> [YOUR GOAL]:
Although the entries contain pictures, only their text goes into the copy, set down exactly.

============================================================

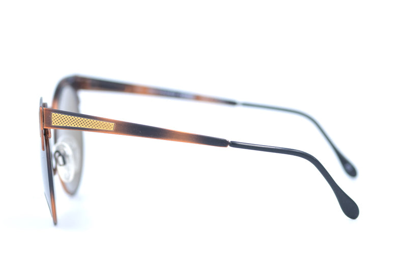 Gianfranco Ferre 85/S in brown mottled metal. with gold detail. This frame was seen on Lady Gaga in a different colour. The round lenses are brown in colour and provide 100% UV protection. Manufactured in Italy in the late 80s. This is a ladies small/medium fit frame.
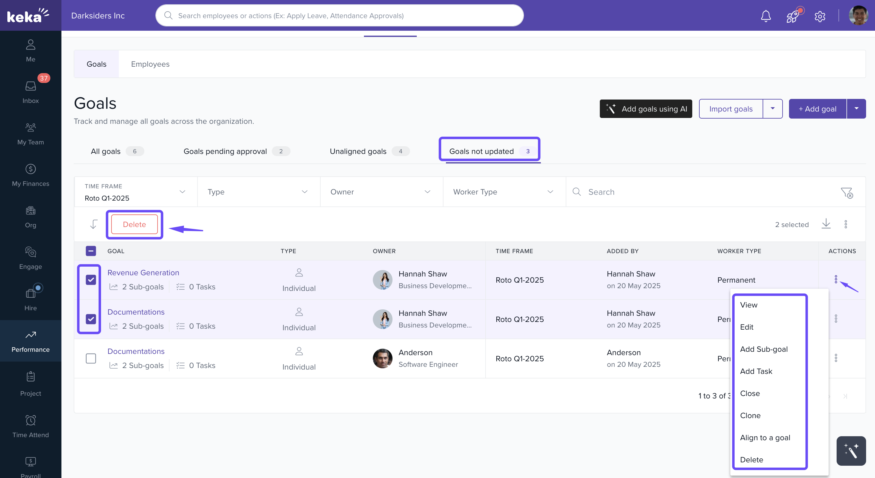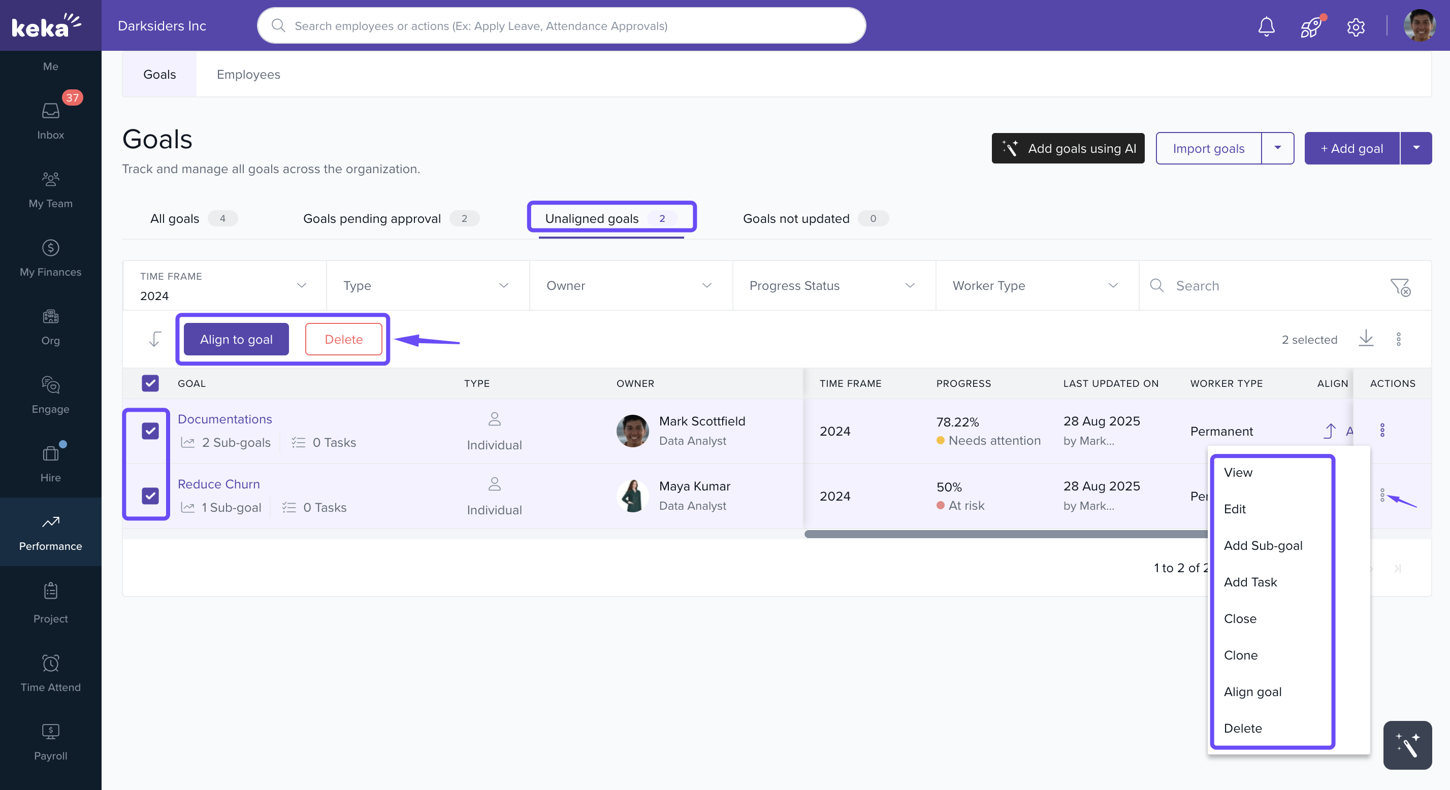 Select multiple goals to align to a KRA or delete in bulk.
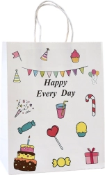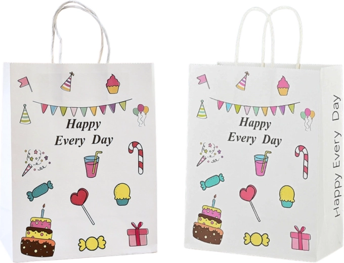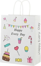 Diese Papiertüte ist mit farbenfrohen Grafiken und dem Aufdruck "Happy Every Day" verziert, was sie für eine Vielzahl von Feiern wie Geburtstage, Partys oder Treffen mit Angehörigen geeignet macht.
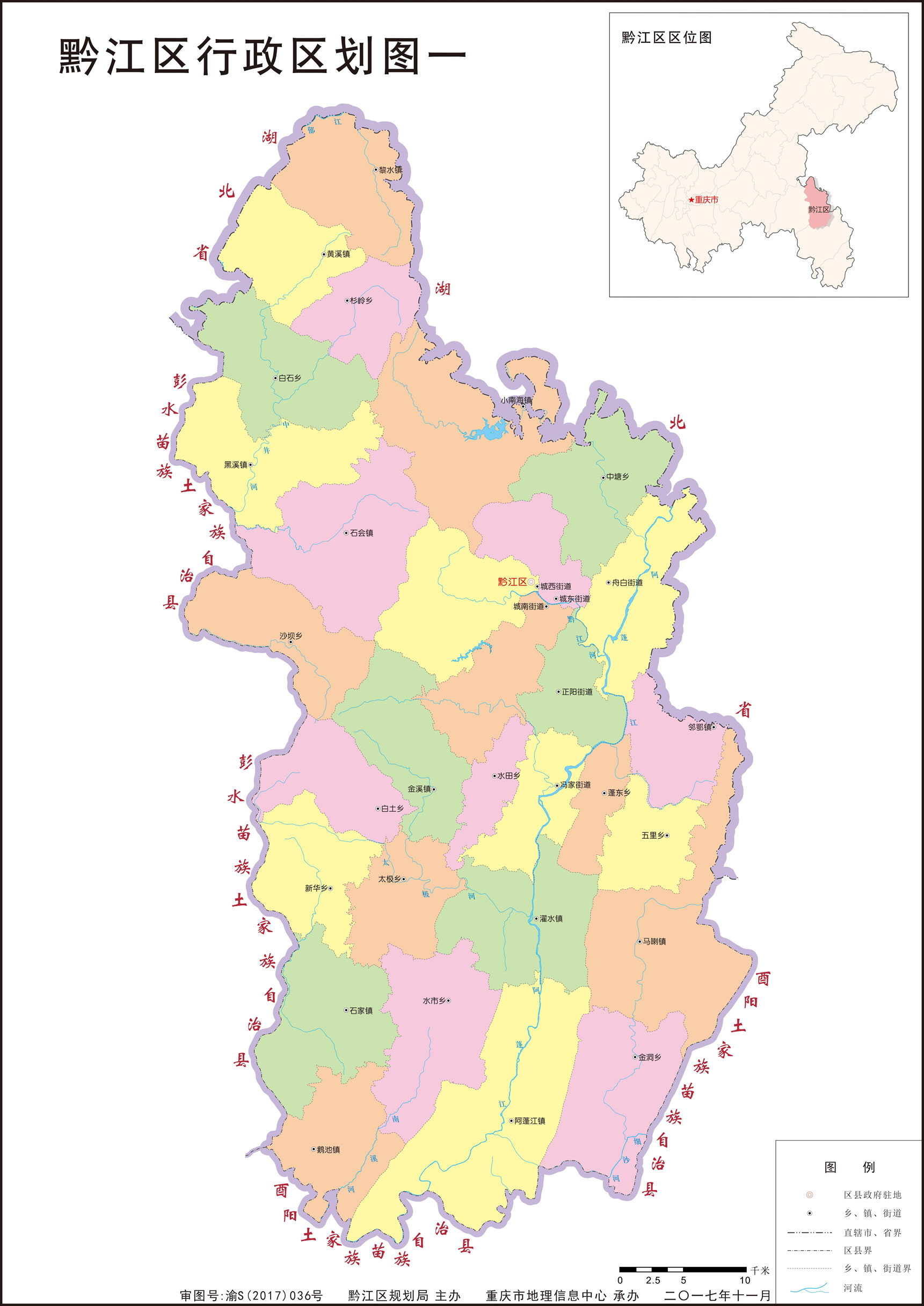 黔江區(qū)轄6個(gè)街道、18個(gè)鎮(zhèn)、6個(gè)鄉(xiāng):
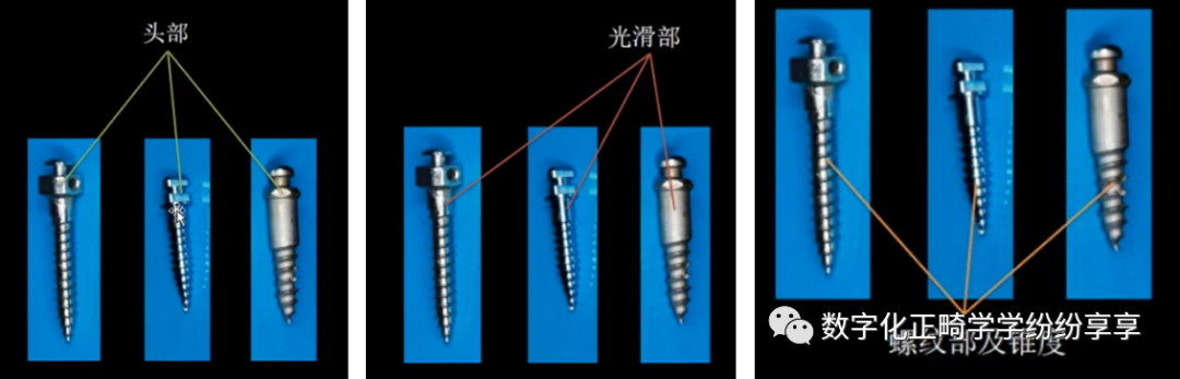 支抗钉的结构:直径和长度、头部、光滑部、螺纹部及锥度

============================================================

> [WRITTEN RESPONSE]:
 Gianfranco Ferre 85/S in brown mottled metal. with gold detail. This frame was seen on Lady Gaga in a different colour. The round lenses are brown in colour and provide 100% UV protection. Manufactured in Italy in the late 80s. This is a ladies small/medium fit frame.
 Select multiple goals to align to a KRA or delete in bulk.
 Diese Papiertüte ist mit farbenfrohen Grafiken und dem Aufdruck "Happy Every Day" verziert, was sie für eine Vielzahl von Feiern wie Geburtstage, Partys oder Treffen mit Angehörigen geeignet macht.
 黔江區(qū)轄6個(gè)街道、18個(gè)鎮(zhèn)、6個(gè)鄉(xiāng):
 支抗钉的结构:直径和长度、头部、光滑部、螺纹部及锥度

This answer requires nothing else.